A word-for-word copy of the data is what's wanted, with no pictures.

*** Opening Dataset excerpt ***

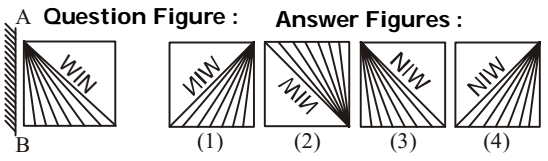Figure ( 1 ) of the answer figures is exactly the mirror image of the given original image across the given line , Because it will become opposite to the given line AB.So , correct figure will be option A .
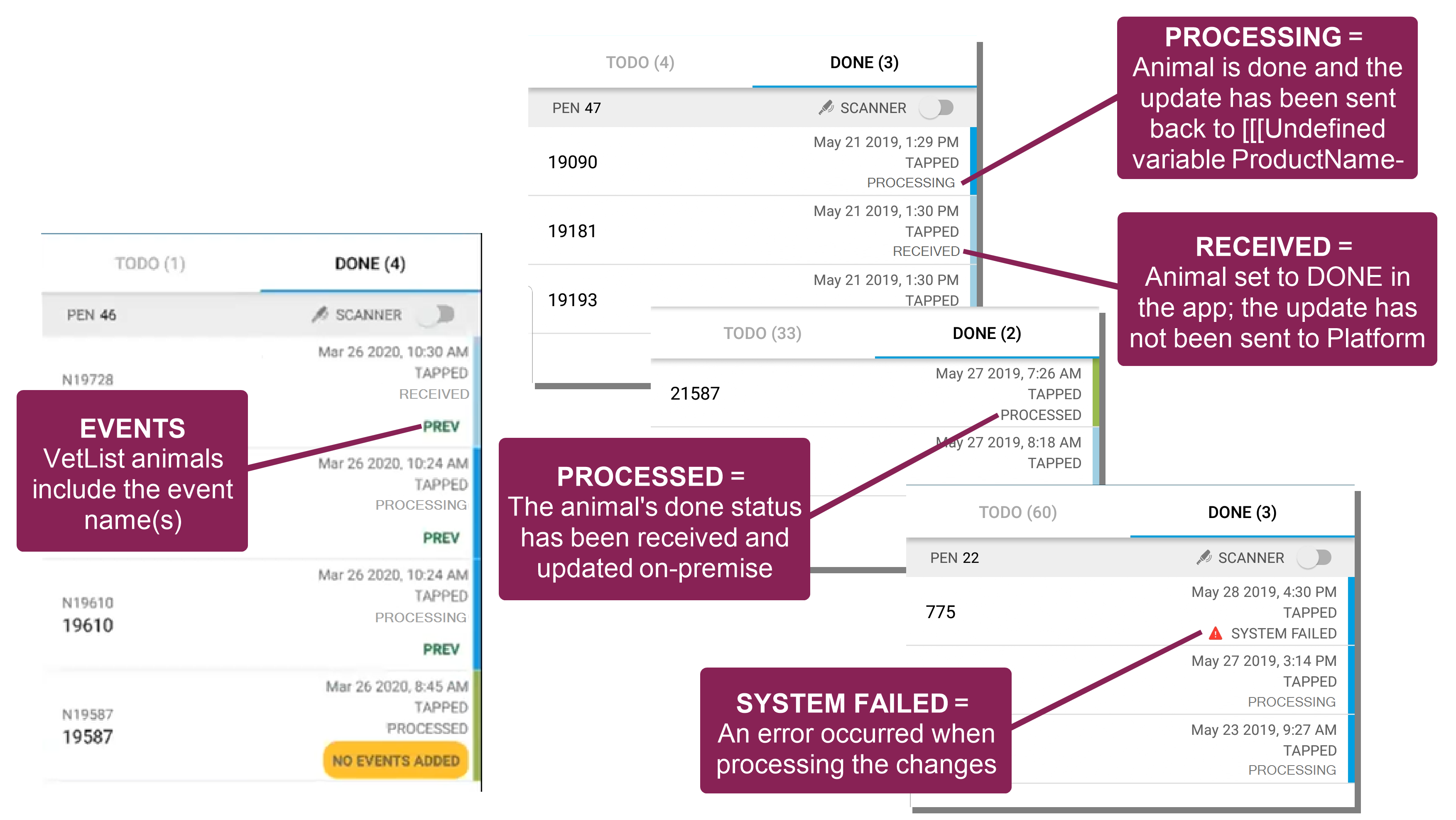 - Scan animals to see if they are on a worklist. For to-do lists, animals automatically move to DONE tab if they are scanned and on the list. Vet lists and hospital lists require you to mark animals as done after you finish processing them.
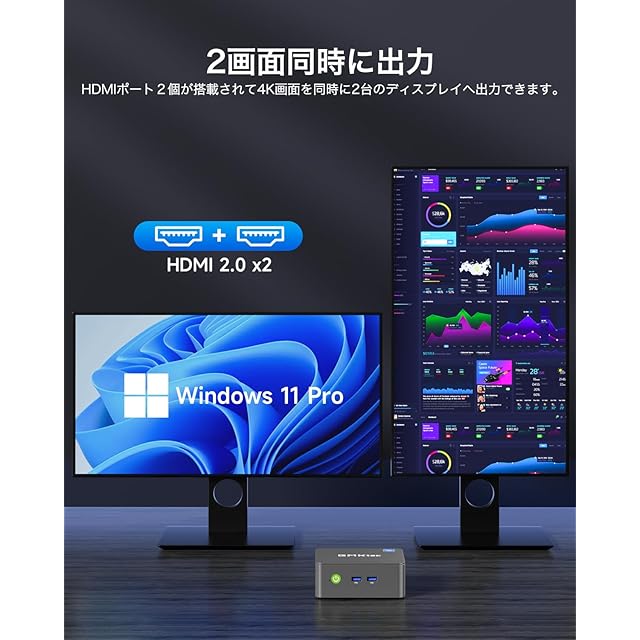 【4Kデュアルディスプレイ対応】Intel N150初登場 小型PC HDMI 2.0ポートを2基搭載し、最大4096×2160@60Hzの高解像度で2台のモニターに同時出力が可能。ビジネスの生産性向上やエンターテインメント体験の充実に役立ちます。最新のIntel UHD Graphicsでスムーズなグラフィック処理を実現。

*** Closing Dataset excerpt ***

**Response to this exercise**
Figure ( 1 ) of the answer figures is exactly the mirror image of the given original image across the given line , Because it will become opposite to the given line AB.So , correct figure will be option A .
 - Scan animals to see if they are on a worklist. For to-do lists, animals automatically move to DONE tab if they are scanned and on the list. Vet lists and hospital lists require you to mark animals as done after you finish processing them.
 【4Kデュアルディスプレイ対応】Intel N150初登場 小型PC HDMI 2.0ポートを2基搭載し、最大4096×2160@60Hzの高解像度で2台のモニターに同時出力が可能。ビジネスの生産性向上やエンターテインメント体験の充実に役立ちます。最新のIntel UHD Graphicsでスムーズなグラフィック処理を実現。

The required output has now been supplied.